MIDI – Can you write better music by stripping down to the bare essentials?

Recently I was asked to contribute a few tracks to a puzzle game for the Game Maker community. Not a problem I thought as I perused the brief – a track 45 seconds in length that loops….pretty normal stuff, however lurking lower down the page were words I had never seen before – Format: GM – MIDI

This…this could be a problem

Being a desktop based producer I am fairly au-fait with MIDI. I use it to sequence music, control software parameters and to control hardware, but, the one thing I had yet to do was deliver a completed track in a MIDI format. To make matters worse the audio engine being used for the game could not use sound-fonts and therefore had to use the general MIDI sound-set.

It is a very strange feeling, to have amazing technology, an array of instruments and effects plus a barrage of samples at your disposal and not use them, however, much to my surprise it was extremely liberating.

By getting rid of superfluous features I was able to get right down to the music focusing purely on rhythm and melody and to a certain extent forget about utilising fancy production techniques or creating a tonal landscape, the focus being on creating a catchy “tune”.

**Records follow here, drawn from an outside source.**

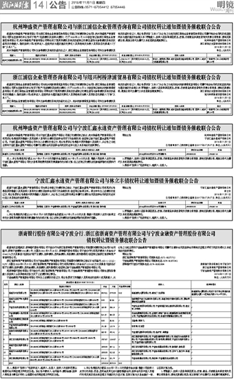 浙商银行股份有限公司宁波分行、浙江省浙商资产管理有限公司与宁波金融资产管理股份有限公司 债权转让暨债务催收联合公告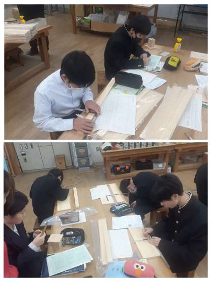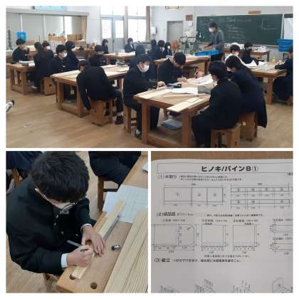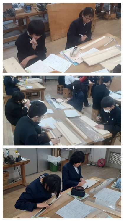 冬休みの課題で、プリントを使って、構想、材料どり(1/2の大きさ)を済ませています。今日からは、600mm×150mm×12mmが1枚、600mm×40mm×12mmが2枚のヒノキ材を用いての本格的な加工実習に入りました。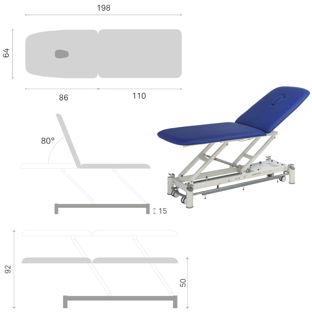 Masa masaj profesionala Picasso XL cu 2 sectiuni – reglaj electric pe înaltime si spatar rabatabil. Canapea electrica de masaj si fizioterapie pentru utilizare profesionala în cabinete de kinetoterapie si recuperare medicala, spitale, clinici si centre de reabilitare. Masa medicala Picasso XL, design ergonomic si functionalitati avansate, ideala pentru sedinte de terapie, masaj si examinari medicale, asigurand confort pacientului si terapeutului.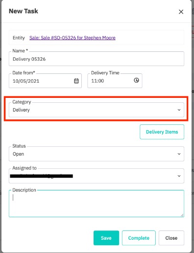 Enter a Name for the task and choose a date and time. Select Category: Delivery, and Save the task. You can now click Delivery Items to open the delivery window.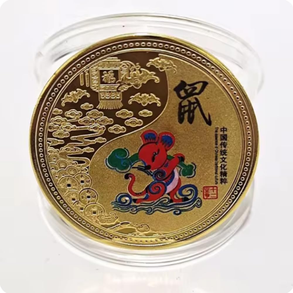 Dodici monete da collezione colorate con animali, souvenir commemorativi della mascotte fortunata per l'ornamento in metallo del desktop, decorazioni per la casa di Capodanno

A few days later I had the pleasure of watching a talk by Tommy Tallarico. During this talk Tommy discussed the proliferation of “hollywood” scores in games and how game developers are often so obssessed with sounding like the latest blockbuster film that they forget about the “hook” oriented music of yesteryear. This was music mastered by composers such as (my personal favourite) Koji Kondo and Tommy Tallarico himself who were both able to create large, immersive worlds of sound that were dynamic and unforgettable. Take a look at The Legend of Zelda and Earthworm Jim if you don’t believe me.

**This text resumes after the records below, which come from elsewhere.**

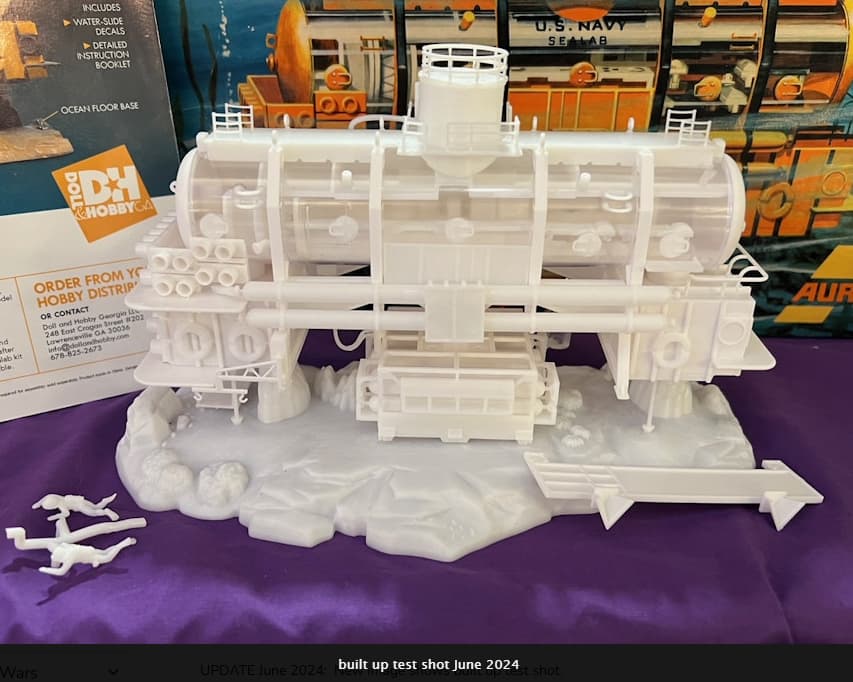Always an innovative company, Aurora Plastics Corporation released a 1/93 scale model of SEALAB III in 1970. Although heavily promoted, the oddball effort was not a commercial success. The kit is perhaps best known for its use by George Lucas’ Industrial Light and Magic to detail various models for the original Star Wars movie. Released only once, it has become a collector’s item. No one seems to know what became of the original tooling; the molds may have been among those lost in the infamous Binghamton NY train wreck, or they may have been among the some 500 molds scrapped after Monogram bought Aurora’s assets in 1978. Anyway, complete kits have become extremely rare and can be found on auction sites going for $500 or more.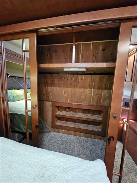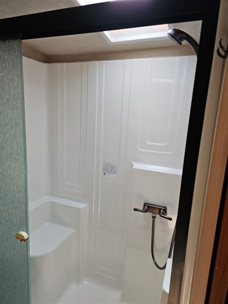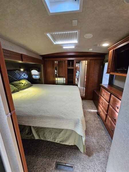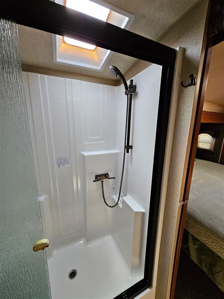 When it's time to unwind, retreat to the master bedroom with a plush queen-size bed and plenty of storage for all your essentials. The bathroom is like a spa on wheels, featuring a roomy shower and all the comforts of home.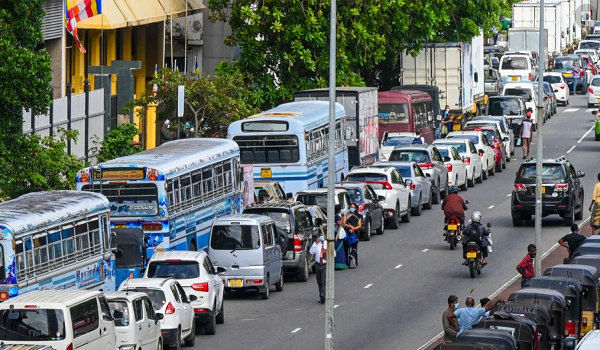 (Orang ramai sedang beratur di sepanjang jalan untuk membeli bahan bakar di stesen bahan minyak Ceylon di Colombo pada 18 Mei 2022/AFP)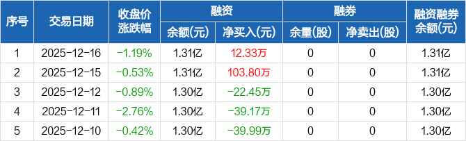 卓创资讯:融资净买入12.33万元,融资余额1.31亿元(12-16)

After seeing the Tallarico talk I went back to my original MIDI composition and put it into my DAW, replete with a cornucopia of effects and fancy samples to create a more “typical”, “modern” sound. The result? An big orchestral sound with a catchy them. However, there was more to it than that. Due to it’s simplicity the music I had written now seemed so much more versatile. It felt to me like a collection of amorphous notes, agnostic of restrictions like genre and tempo.

So. The next time you head to your keyboard and 400 trillion gigabyte sample library consider instead ditching the fancy baubles in favour of General MIDI. You might be pleasantly surprised by your results.

If you try this, let me know by leaving a comment below, I’d like to hear your experiences with the stripped down approach.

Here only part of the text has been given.